If you’ve owned a home for a few years, then you’ve probably taken advantage of the interest deduction that lowers your tax bill. However, several other home-related expenses can also reduce the amount you owe in taxes. For instance, you may be able to deduct home office operating costs, major renovation expenses and the interest charged for home equity loans. Here are a handful of items to keep in mind and review with your accountant.
You can deduct the cost of maintaining a home office from the amount that you owe for taxes. Even if you freelance, you can deduct these expenses.
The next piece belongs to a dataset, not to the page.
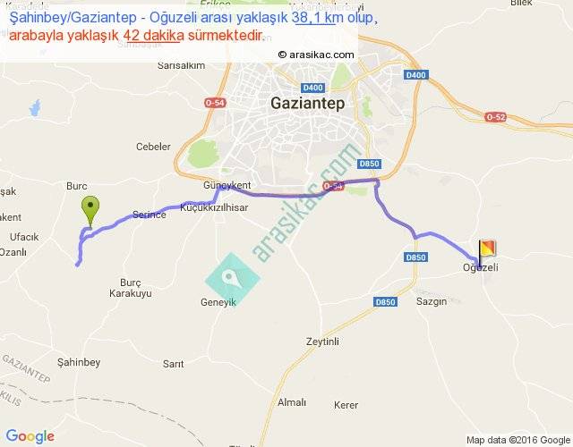 Şahinbey Gaziantep - Oğuzeli arası yaklaşık olarak 90 km/h ile yukarıda belirtilen sürede olup, iki yerin kuş uçuşu uzaklığı (mesafesi) 27'dir. Yolculuk otobüsle 54 dakika sürmektedir.

If you’ve borrowed funds to complete a major renovation on your home, the interest that you accrue on the loan may be tax deductible. In addition, home renovations that you need to make to accommodate a person who is disabled or chronically ill are tax deductible.
Renewable Energy Upgrades
To encourage the use of renewable energy systems, a substantial tax credit is available if you have one installed. Tax credits work differently than deductions because they lower your actual tax bill.
Home Equity Loans
With the housing market beginning to bounce back, home equity loans and credit lines are reappearing. Married filers can deduct the interest on home equity loans that total $100,000 or less while single filers can deduct the interest on loans of $50,000 or less.
Disaster or Theft Losses
If you’ve suffered financial losses due to theft or a disaster, you can deduct them from your tax bill. Keep in mind that you can only decrease your taxes by the amount that your insurance company will not cover.
Tax breaks and credits make homeownership more affordable. Be sure to review the available deductions to take full advantage of owning a home.